Antonov Aeronautical Scientific/ Technical Complex of Ukraine is developing a freighter version of the An-148 in an attempt to drum new life into the regional jet program.
Lockheed Martin has completed the fifth of eight planned GPS IIR-M replacement spacecraft, with the second in the series set for a Sept. 14 launch. Built at the company's Valley Forge, Pa., factory, with some payload work at ITT Industries in Clifton, N.J., the GPS IIR series affords the U.S. Air Force and other military users two new signals and better encryption and anti-jamming capabilities. It also carries a second signal for civilian users of its navigation and timing capabilities. The new spacecraft will go into ground storage until called up for launch by USAF.

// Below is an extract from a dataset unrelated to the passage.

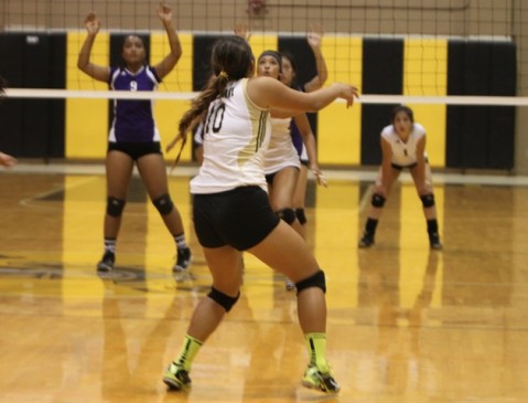 returning the ball in game two won by the Lady Trojans 25-21.
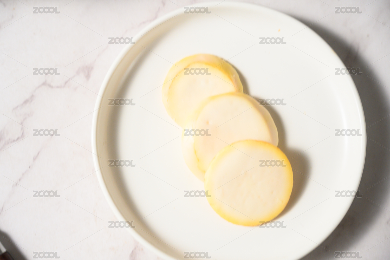 桌面上的盘子里的美味可口的白巧克力橙子片

Airbus hopes to ramp up the pace of assembly on the A380 again gradually in a couple of weeks, after slowing it to deal with problems, which put the program behind schedule. Tom Williams, Airbus executive vice president for programs, notes that flow issues should have been addressed by mid-August, allowing A380s to be assembled in sequence. Problems and delays with wiring harnesses caused them to have to be installed after final assembly in a laborious, time-consuming fashion. However, he concedes more changes could still come in later months.
Although the biggest role it plays in Chinese aviation is as the country's helicopter maker, China Aviation Industries Corp. II counts its expansion into regional jets with license manufacturing of the Embraer ERJ 145 as an important element in its commercial future. The ERJ 145 has been worth $800-900 million for AVIC II, according to Executive Vice President Liang Zhenhe.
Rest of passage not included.